## Task goal
The answer is a stretch of the material below, returned exactly: the line containing "Мальчики 3D Геометрический", the line containing "We shift gears", and all lines between.

## Provided data
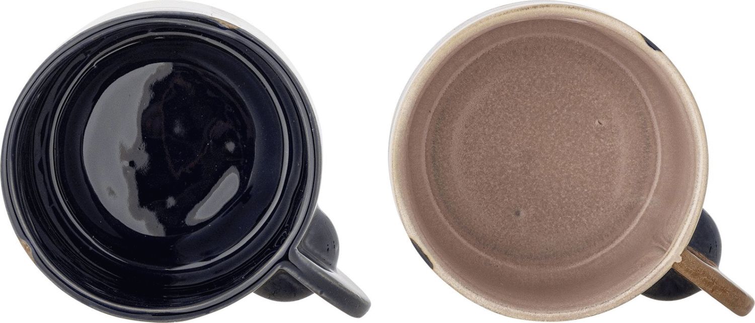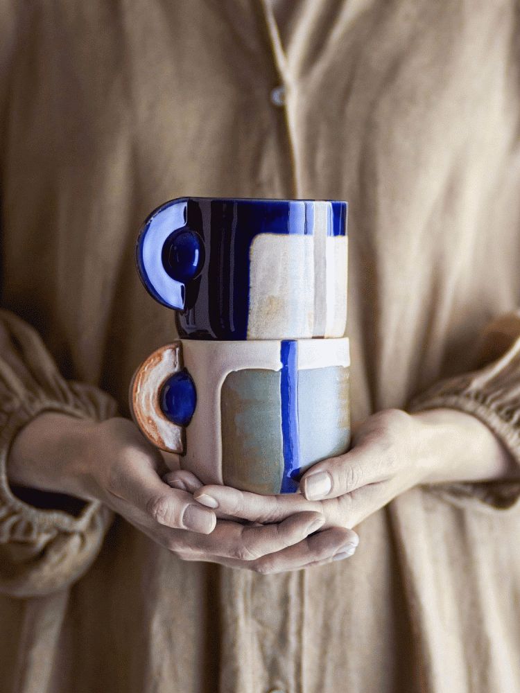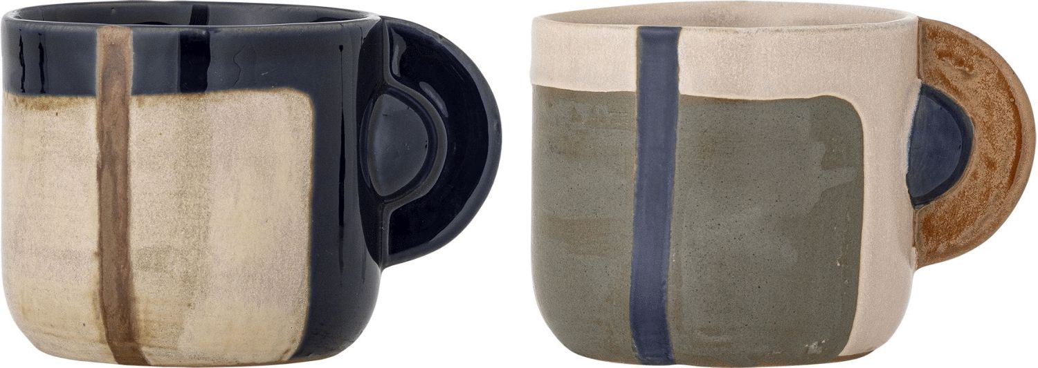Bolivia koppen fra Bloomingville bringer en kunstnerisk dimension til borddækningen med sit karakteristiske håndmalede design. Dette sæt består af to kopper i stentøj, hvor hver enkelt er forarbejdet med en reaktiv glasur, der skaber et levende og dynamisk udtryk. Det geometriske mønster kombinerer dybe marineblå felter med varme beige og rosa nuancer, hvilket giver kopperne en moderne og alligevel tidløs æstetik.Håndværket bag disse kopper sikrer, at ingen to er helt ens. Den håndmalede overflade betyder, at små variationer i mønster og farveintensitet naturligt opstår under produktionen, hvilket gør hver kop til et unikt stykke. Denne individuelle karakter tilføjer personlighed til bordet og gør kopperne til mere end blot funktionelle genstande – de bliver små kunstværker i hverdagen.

==

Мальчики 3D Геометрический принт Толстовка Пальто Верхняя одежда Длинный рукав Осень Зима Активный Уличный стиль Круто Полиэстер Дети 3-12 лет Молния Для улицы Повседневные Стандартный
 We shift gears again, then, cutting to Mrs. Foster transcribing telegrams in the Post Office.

## Your solution
Мальчики 3D Геометрический принт Толстовка Пальто Верхняя одежда Длинный рукав Осень Зима Активный Уличный стиль Круто Полиэстер Дети 3-12 лет Молния Для улицы Повседневные Стандартный
 We shift gears again, then, cutting to Mrs. Foster transcribing telegrams in the Post Office.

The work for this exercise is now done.